Сказание об аде и рае, или Расторжение брака - Льюис Клайв Стейплз (читать книги без сокращений txt) 📗
– Да, – отвечал он. – Ад не может так широко разинуть свою пасть.
– А Сарра не могла бы стать меньше, как Алиса в стране чудес?
– Погибшая душа бесконечно мала, ее почти нет, она совсем усохла, замкнулась в себе. Бог бьется об нее, как звуковая волна об уши глухого. Она сжала зубы, сжала кулаки, крепко зажмурилась. Она не хочет, а потом – не может давать, вкушать, видеть.
– Значит, никому до нее не достучаться?
– Только Высший из всех может так умалиться, чтобы войти в ад. Чем ты выше, тем ниже можешь опуститься: человек способен привязаться к лошади, но лошадь не привяжешь к мыши. Один Христос спустился туда, к ним.
– Спустится ли Он снова?
– Время здесь не такое, как на земле. Те дни, когда Он был в аду, обнимали все минуты, которые были, есть и будут. В темнице нет никого, кому бы Он не проповедовал.
– Кто-нибудь услышал Его?
– Да.
– Вы писали, – сказал я, – что спасутся все. И апостол Павел так пишет.
– Наверное, всё и будет хорошо, как сказал Спаситель святой Юлиании Норвичской; но нам с тобой не стоит толковать о таких вещах.
– Потому, что они слишком страшны?
– Нет. Потому что ответ обманет. Если ты внутри, во времени, и спрашиваешь, как тебе поступить – ответ прост. Ты на распутьи, и ни один из путей не закрыт для тебя. Человек волен избрать вечную смерть; кто выберет ее, ее и получит. Но если ты пытаешься выйти в вечность и увидеть, как всё будет (иначе сказать ты не сумеешь) тогда, когда все возможности сменятся единственно-сущим, ты спрашиваешь о том, чего тебе не понять. Ты смотришь сквозь маленькие и ясные стекла времени. Свобода – дар, сильнее всего уподобляющий тебя Творцу; но увидеть ее ты можешь только в перевернутый бинокль, иначе она была бы слишком велика для тебя. Для тебя сменяются диапозитивы моментов, и во всяком из них ты волен сделать выбор. Ни смена этих временных кусочков, ни призрак «того, что могло бы быть» – еще не свобода, это всё стекла, линзы. Я говорю сейчас притчами, но они верней философских выкладок и даже мистических откровений, которые тщатся проникнуть глубже. Любая попытка увидеть облик вечности прямо, без этой линзы, искажает или уничтожает то, что знаешь о свободе. Вспомни доктрину предопределения. Она стоит на том, что Присносущий не дожидается будущего, и она права, но правоту эту покупает ценой свободы – истины важнейшей и глубочайшей из двух. Доктрина всеобщего спасения тоже поступается половиной правды. Тебе не понять вечности, пока ты во времени. Господь сказал, что мы – боги. Долго ли можешь ты смотреть без линзы на безмерность собственной души и вечную реальность ее выбора?
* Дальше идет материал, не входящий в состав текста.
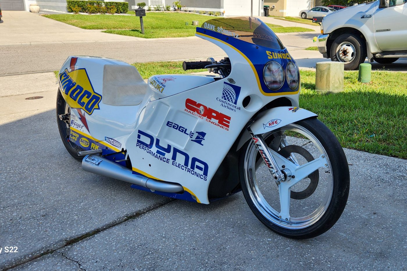 This bike was sold at an auction at Race Rock restaurant in Orlando Florida who called this a Dave Schultz race used bike along with his race used suit and helmet. The seller states “this is a real prostock chassis but has one or two slight differences from photos of the 1994 race winning bike. Ultimately this bike was likely owned by Dave and made into a replica of his race winner then was donated to Race Rock restaurant who subsequently sold it at the 2007 auction along with his actual race suit and helmet. I don’t have any paperwork to ensure the authenticity of the bike but it’s a spot on replica for his actual race bike. The suit sold for $1,500 and the bike went for $22k”
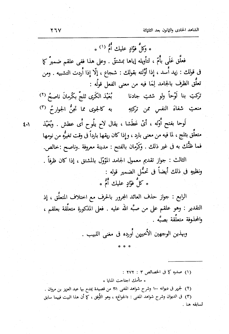 كلّ فؤادٍ عَلَيْك أمّ الرَّابِع: جَوَاز حذف الْعَائِد الْمَجْرُور بالحرف مَعَ اخْتِلَاف الْمُتَعَلّق إِذْ التَّقْدِير وَهُوَ علقم على من صبه الله عَلَيْهِ. فعلى الْمَذْكُورَة مُتَعَلقَة بعلقم والمحذوفة مُتَعَلقَة بصبه.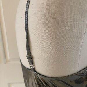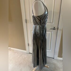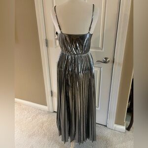 Shimmer in style with this elegant silver maxi dress. Perfect for evening events and special occasions. This is by the brand All Saints. It is brand new with a store tag, but not the brand tag. This is a gorgeous metallic silver sparkle dress with adjustable spaghetti straps. It is 100% polyester and that includes exterior as well as the lining. This dress also has an elastic stretch waist. This is a dress that can also be hand wash and does not have to be dry cleaned. So, brand new, never worn, excellent condition. All of my items are well cared for income from a smoke free home.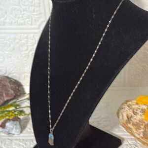 Dainty spiral chain stamped 925 Italy. Adorned with vintage antique blue enamel pin pendant Miraculous Medal Mary charm. Pendant appears to be Jesus. Pendant is not marked and not magnetic. Good vintage condition with signs of age to metals.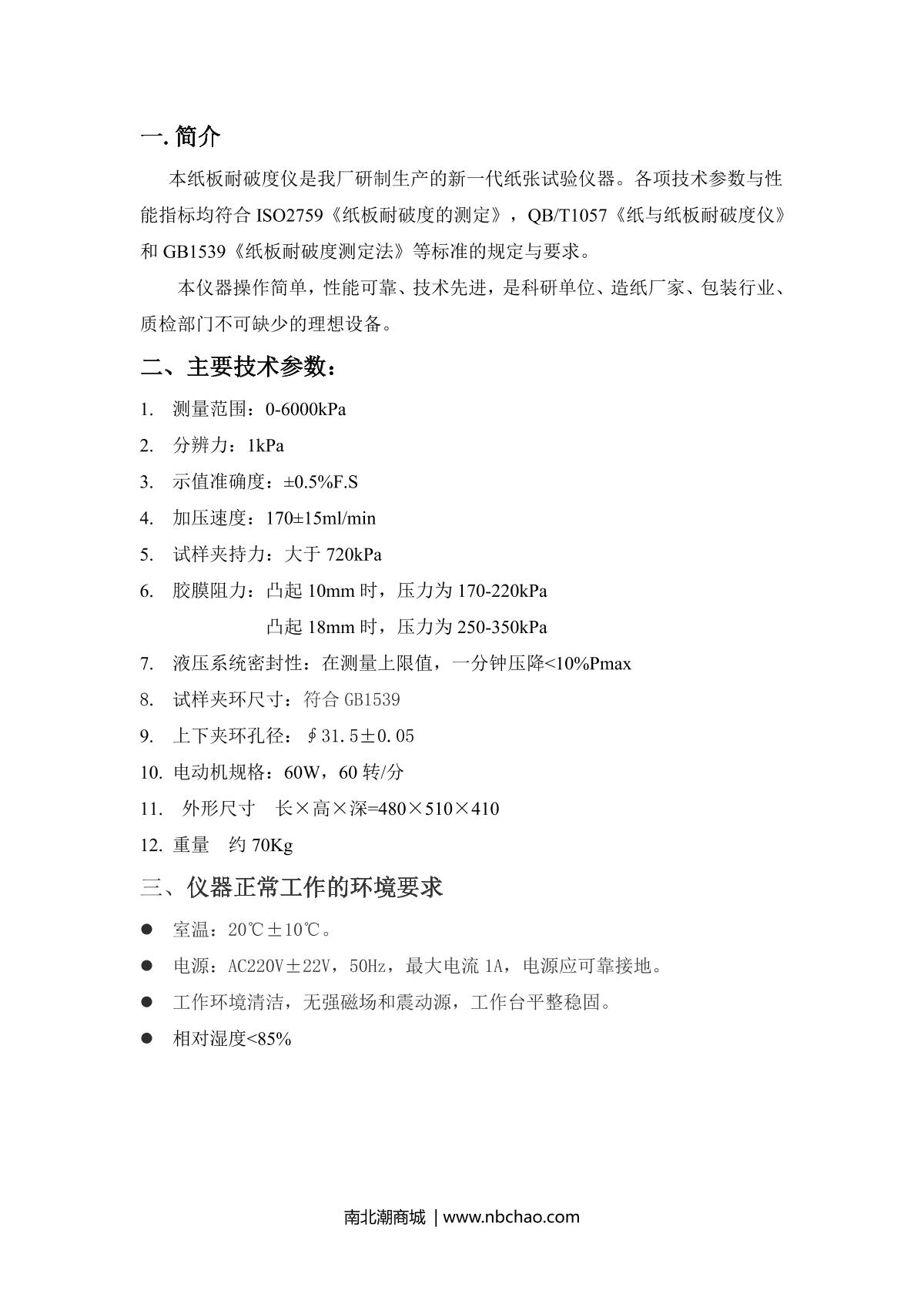 ZhiBang ZB-NPY5600 Pneumatic Cardboard Burst Tester Manual,OI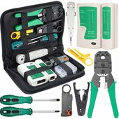 Komplet wyposażony jest w zaciskarkę obsługującą przewody 4P, 6P i 8P, umożliwiającą trwałe i solidne łączenie przewodów elektrycznych. Dodatkowo, wciskacz LSA pozwala na szybkie i precyzyjne łączenie przewodów w instalacjach telekomunikacyjnych, oszczędzając czas i koszty.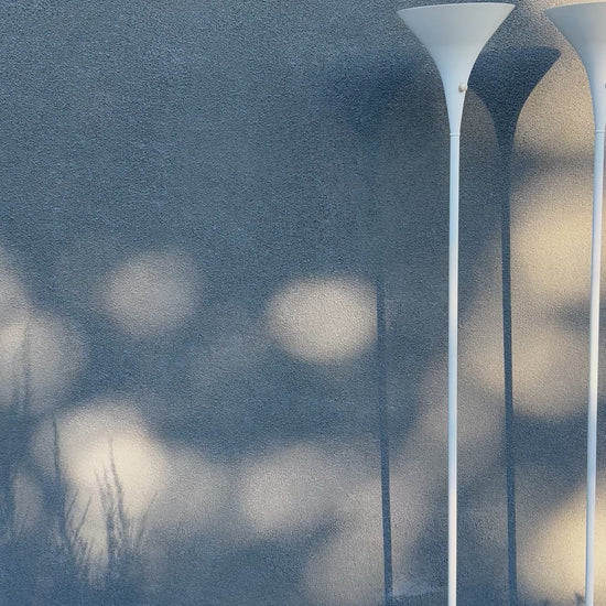 This mid-century modern torchiere floor lamp blends sculptural form with timeless simplicity. Crafted in white-toned metal, it features a distinctive trumpet-cone shade that directs light upward, along with a dimmer to cast a soft ambient glow. The circular base provides stability while maintaining the lamp’s clean silhouette.

Вдруг всё изменилось. Я увидел огромных людей, неподвижно и безмолвно стоявших у серебряного столика. На нем, словно шахматные фигурки, передвигались люди крохотные; и я знал, что каждый из них представляет кого-нибудь из огромных, выражает, как в пантомиме, его глубинную природу. Люди-шахматы были мужчинами и женщинами, как они представляются друг другу и самим себе при жизни. Стол был временем. Огромные люди, глядящие на всё это – бессмертными душами шахматных. Голова закружилась у меня, я схватил учителя за руку и крикнул:
– Неужели это так? Значит, всё, что я тут видел – неправда? Значит, беседы призраков и духов – условное действо, а исход предрешен давным-давно?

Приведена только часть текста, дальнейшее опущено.